The LAPD conducted a month-long trial of social media monitoring with Edge NPD, a company based in Warsaw, Poland.
The fall 2020 trial period included tracking 200 keywords and resulted in the collection of millions of tweets, including thousands related to Black Lives Matter and the movement to defund the police.
Edge NPD previously had no experience working with law enforcement.
The company’s CEO, Dobromir Cias, told The Guardian the LAPD wanted to respond to “negative narratives” during the height of nation’s reckoning with racism and police violence, while flagging potential threats.
The trial was offered to the LAPD at no charge and was supposed to serve as a “demonstration” of the monitoring technology, but was not intended to monitor specific Black Lives Matter activists, Cias said.
A Twitter spokesperson told The Guardian in a statement the platform prohibits surveillance of activist organizations.
“Twitter prohibits the use of our developer services for surveillance purposes. Period. We proactively enforce our policies to ensure customers are in compliance and will continue to do so,” the spokesperson said.
The company said it suspended Edge NPD’s developer account for violating the policies.
During the 40-day trial in October and November of 2020, the LAPD sought to collect social media data related to six topics, including “civil unrest,” “American policing,” “domestic extremism and white nationalism,” “election security,” “potential danger” and the conflict between Armenia and Azerbaijan.
Keywords the LAPD and Edge NPD discussed tracking during the trial included “abolish the police,” “nojusticenopeace,” “police budget,” and “police killing.”
Cias suggested “BLM” and “defund the police” be added to the list. An LAPD official agreed “BLM” would be good to add to the list, but noted that many people use the phrase to discuss legitimate rights.
Cias also said he would personally send tweets to the LAPD that “looked kind of dangerous,” during the trial, but added that he didn’t verify the legitimacy of the information in the tweets he passed along.
“When you’re passing this information, you don’t really know how serious it is.

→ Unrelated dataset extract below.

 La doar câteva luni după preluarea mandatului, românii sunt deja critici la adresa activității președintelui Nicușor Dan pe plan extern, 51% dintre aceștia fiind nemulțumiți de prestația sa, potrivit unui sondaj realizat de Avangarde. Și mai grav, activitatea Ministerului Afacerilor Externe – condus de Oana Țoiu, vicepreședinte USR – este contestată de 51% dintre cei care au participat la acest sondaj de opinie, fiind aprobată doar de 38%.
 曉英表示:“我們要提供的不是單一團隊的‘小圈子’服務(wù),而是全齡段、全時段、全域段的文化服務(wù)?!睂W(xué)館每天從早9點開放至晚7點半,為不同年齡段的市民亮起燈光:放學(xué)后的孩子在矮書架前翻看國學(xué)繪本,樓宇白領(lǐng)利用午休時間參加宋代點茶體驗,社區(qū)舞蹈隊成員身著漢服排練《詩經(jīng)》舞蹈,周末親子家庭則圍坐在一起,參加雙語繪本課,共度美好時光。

I think it’s up to law enforcement to really verify if it’s true,” Cias told The Guardian. “We don’t do fact checking.”
About 270,000 of the 2 million tweets collected during the trial were related to “American Policing,” according to the Brennan Center.
Flagged tweets included those that highlighted racism in American or called on LAPD chief Michael Moore to resign.
The LAPD did not establish a long-term contract with Edge NPD after the trial, although the company proposed a $150,000 agreement. However, the LAPD has looked into similar monitoring services offered by at least 10 other companies.
It’s not clear what the police department did with the collected data.